Opinion
No. 3:03-CV-150-H.
July 14, 2003.
FINDINGS, CONCLUSIONS AND RECOMMENDATION OF THE UNITED STATES MAGISTRATE JUDGE
Pursuant to the provisions of 28 U.S.C. § 636(b) and an order of this court, this case has been referred to the United States Magistrate Judge. The findings, conclusions and recommendation of the United States Magistrate Judge follow:
FINDINGS AND CONCLUSIONS
Parties:
Plaintiff has filed this action for recovery of medical benefits. He is proceeding pro se, and has been granted leave to proceed in forma pauperis. Defendant is the Dallas North Tollway.
Factual background:
On January 23, 2003, Plaintiff filed this complaint alleging he was injured while working for Defendant in 1993. (Magistrate Judge's Questionnaire, Answer 1). He states that as a result of this injury, he was granted workers compensation benefits, which included life-time medical benefits. ( Id.). He states that he is not receiving these medical benefits.
Discussion:
Federal courts are courts of limited jurisdiction. "They possess only that power authorized by Constitution and statute, which is not to be expanded by judicial decree." Kokkonen v. Guardian Life Ins. Co. of Am., 511 U.S. 375, 377 (1994) (citations omitted). They "must presume that a suit lies outside this limited jurisdiction, and the burden of establishing federal jurisdiction rests on the party seeking the federal forum." Howery v. Allstate Ins. Co., 243 F.3d 912, 916 (5th Cir.), cert. denied, 534 U.S. 993 (2001).

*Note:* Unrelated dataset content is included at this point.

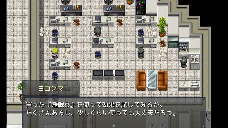 葉月以外のエロシーンもありました。まずは睡眠薬(コンビニで買える)での悪戯(いきなり葉月に使うのは失敗が怖いので、手頃な女でテスト)で、各所に色々女がいますが、社内のイヤミな女に対して使えました。コンビニで睡眠薬を購入後、社内右寄りの光っている箇所を調べます。
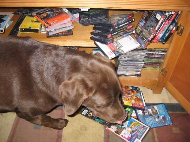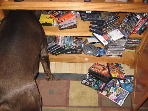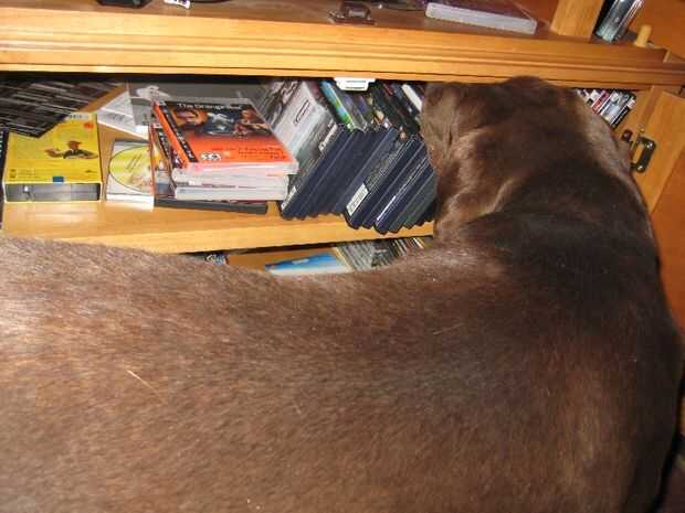Mi medio gabinete tiene un error de diseño menores, no guarda muy bien mi DVD y juegos de video. Ahora parte de la cuestión es que mi gato le gusta escondió en la parte posterior de la bandeja superior, para que luego el perro huele el gato y piensa que el gato siempre debe ser "actualmente situada justo detrás de estas cajas de plástico".

Plaintiff asserts no federal statutory or constitutional basis for this suit based on the handling of his state workers compensation benefits. His claims appear to arise under state law. Federal courts have no jurisdiction over such claims in the absence of diversity jurisdiction under 28 U.S.C. § 1332. In this case, Plaintiff lists his address as Dallas, Texas. The Defendant is the Dallas North Tollway, located in Dallas, Texas. Plaintiff also lists the address of an insurance claims administrator in Austin, Texas. Plaintiff therefore does not allege the diversity of citizenship necessary to proceed under § 1332. See Stafford v. Mobil Oil Corp., 945 F.2d 803, 804 (5th Cir. 1991) (holding that "[t]he burden of proving that complete diversity exists rests upon the party who seeks to invoke the court's diversity jurisdiction.").
Courts have a continuing obligation to examine the basis for jurisdiction. See MCG, Inc. v. Great W. Energy Corp., 896 F.2d 170, 173 (5th Cir. 1990). The Court may sua sponte raise the jurisdictional issue at any time. Id. Federal Rule of Civil Procedure 12(h)(3) requires that federal courts dismiss an action "[w]henever it appears by suggestion of the parties or otherwise that the court lacks jurisdiction over the subject matter." Because it appears that the Court lacks subject matter jurisdiction, this action should be dismissed.
RECOMMENDATION:
The Court recommends that this case be dismissed for lack of subject matter jurisdiction.
INSTRUCTIONS FOR SERVICE AND NOTICE OF RIGHT TO APPEAL/OBJECT
The United States District Clerk shall serve a true copy of these findings, conclusions and recommendation on the parties. Pursuant to Title 28, United States Code, Section 636(b)(1), any party who desires to object to these findings, conclusions and recommendation must serve and file written objections within ten days after being served with a copy. A party filing objections must specifically identify those findings, conclusions or recommendation to which objections are being made. The District Court need not consider frivolous, conclusory or general objections. A party's failure to file such written objections to these proposed findings, conclusions and recommendation shall bar that party from a de novo determination by the District Court. See Thomas v. Am, 474 U.S. 140, 150, (1985). Additionally, any failure to file written objections to the proposed findings, conclusions and recommendation within ten days after being served with a copy shall bar the aggrieved party from appealing the factual findings and legal conclusions of the Magistrate Judge that are accepted by the District Court, except upon grounds of plain error. Douglass v. United Services Auto. Ass'n, 79 F.3d 1415, 1417 (5th Cir. 1996) (en-banc).